- **Task instructions**: Copy every record exactly, leaving the pictures out.

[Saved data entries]
──────────────────────────────
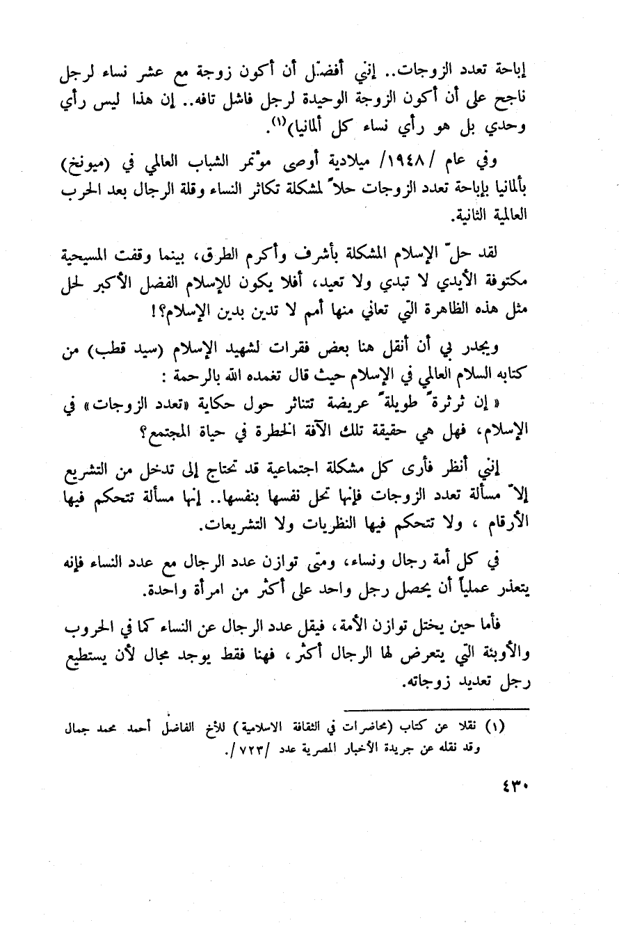 إنني أنظر فأرى كل مشكلة اجتماعية قد تحتاج إلى تدخل من التشريع إلاّ مسألة تعدد الزوجات فإنها تحل نفسها بنفسها.
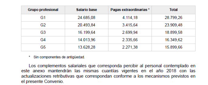 «Los complementos salariales que corresponda percibir al personal contemplado en este anexo mantendrán las mismas cuantías vigentes en el año 2018 con las actualizaciones retributivas que correspondan conforme a los mecanismos previstos en el presente convenio.»
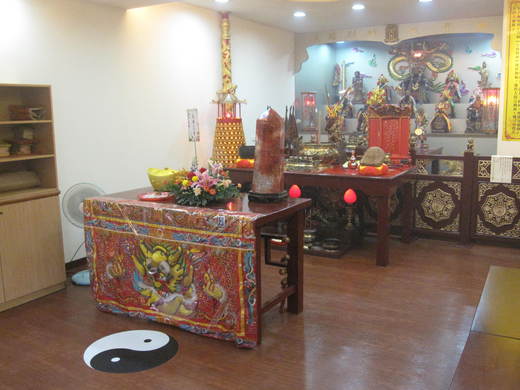 他要家屬把男孩壓制在地板上的太極圖騰上,接著他到廟宇前天花板上的另一個太極圖騰吸氣,還要我幫忙放佛經音樂,但因神明前的門我打不開,後來是一名師父進入放音樂。
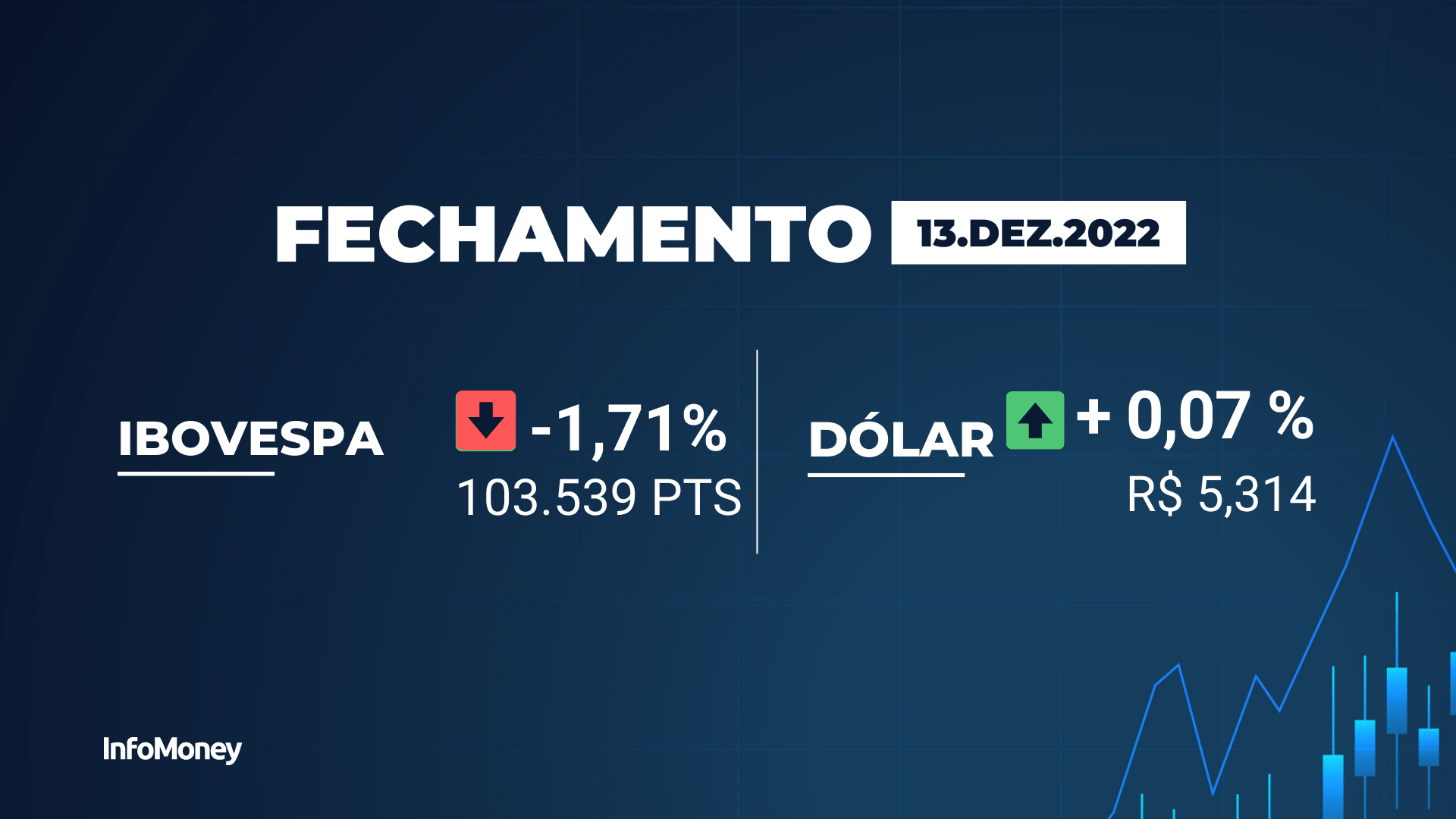 O Ibovespa fechou em queda de 1,71% nesta terça-feira (13), aos 103.539 pontos, e agora acumula queda de 1,22% no ano. O principal índice da Bolsa brasileira recuou e se descolou do que é visto no exterior após o anuncio feito pelo presidente eleito Luiz Inácio Lula da Silva de que Aloizio Mercadante irá ocupar a presidência do Banco Nacional de Desenvolvimento Econômico e Social (BNDES) a partir do próximo ano. Lula também reforçou sua contrariedade a privatizações.
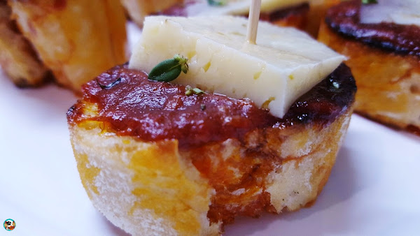 pinchos de queso con sobrasada y miel.
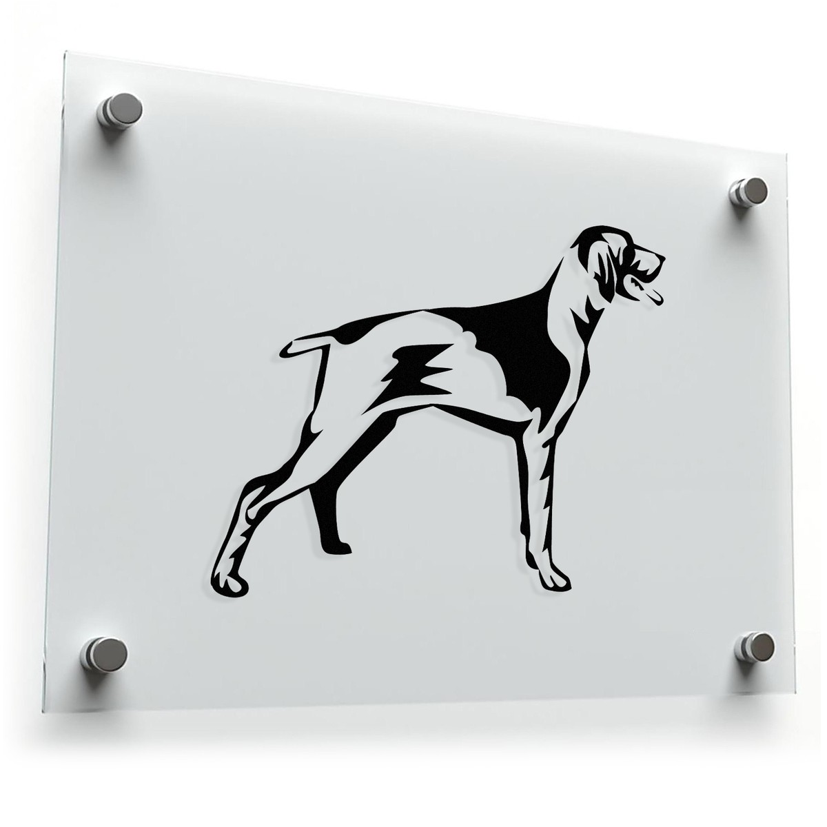 Show off your admiration for Pointer dogs with this elegant silhouette sticker. This high-quality vinyl decal is perfect for personalizing your car, laptop, or any smooth surface. The durable and weatherproof design ensures that the sticker will maintain its vibrant look, come rain or shine. The clean lines of the Pointer silhouette capture the grace and athleticism of this beloved breed. It’s a great way to express your love for dogs and add a touch of personality to your belongings. Available in Multiple Size Options. The image depicts a Pointer dog in a standing position, viewed in profile. The dog’s body is solid black, creating a striking silhouette against a white background. The design is minimalist and elegant, emphasizing the dog’s sleek physique and noble bearing.
──────────────────────────────
- **Your solution**:
 إنني أنظر فأرى كل مشكلة اجتماعية قد تحتاج إلى تدخل من التشريع إلاّ مسألة تعدد الزوجات فإنها تحل نفسها بنفسها.
 «Los complementos salariales que corresponda percibir al personal contemplado en este anexo mantendrán las mismas cuantías vigentes en el año 2018 con las actualizaciones retributivas que correspondan conforme a los mecanismos previstos en el presente convenio.»
 他要家屬把男孩壓制在地板上的太極圖騰上,接著他到廟宇前天花板上的另一個太極圖騰吸氣,還要我幫忙放佛經音樂,但因神明前的門我打不開,後來是一名師父進入放音樂。
 O Ibovespa fechou em queda de 1,71% nesta terça-feira (13), aos 103.539 pontos, e agora acumula queda de 1,22% no ano. O principal índice da Bolsa brasileira recuou e se descolou do que é visto no exterior após o anuncio feito pelo presidente eleito Luiz Inácio Lula da Silva de que Aloizio Mercadante irá ocupar a presidência do Banco Nacional de Desenvolvimento Econômico e Social (BNDES) a partir do próximo ano. Lula também reforçou sua contrariedade a privatizações.
 pinchos de queso con sobrasada y miel.
 Show off your admiration for Pointer dogs with this elegant silhouette sticker. This high-quality vinyl decal is perfect for personalizing your car, laptop, or any smooth surface. The durable and weatherproof design ensures that the sticker will maintain its vibrant look, come rain or shine. The clean lines of the Pointer silhouette capture the grace and athleticism of this beloved breed. It’s a great way to express your love for dogs and add a touch of personality to your belongings. Available in Multiple Size Options. The image depicts a Pointer dog in a standing position, viewed in profile. The dog’s body is solid black, creating a striking silhouette against a white background. The design is minimalist and elegant, emphasizing the dog’s sleek physique and noble bearing.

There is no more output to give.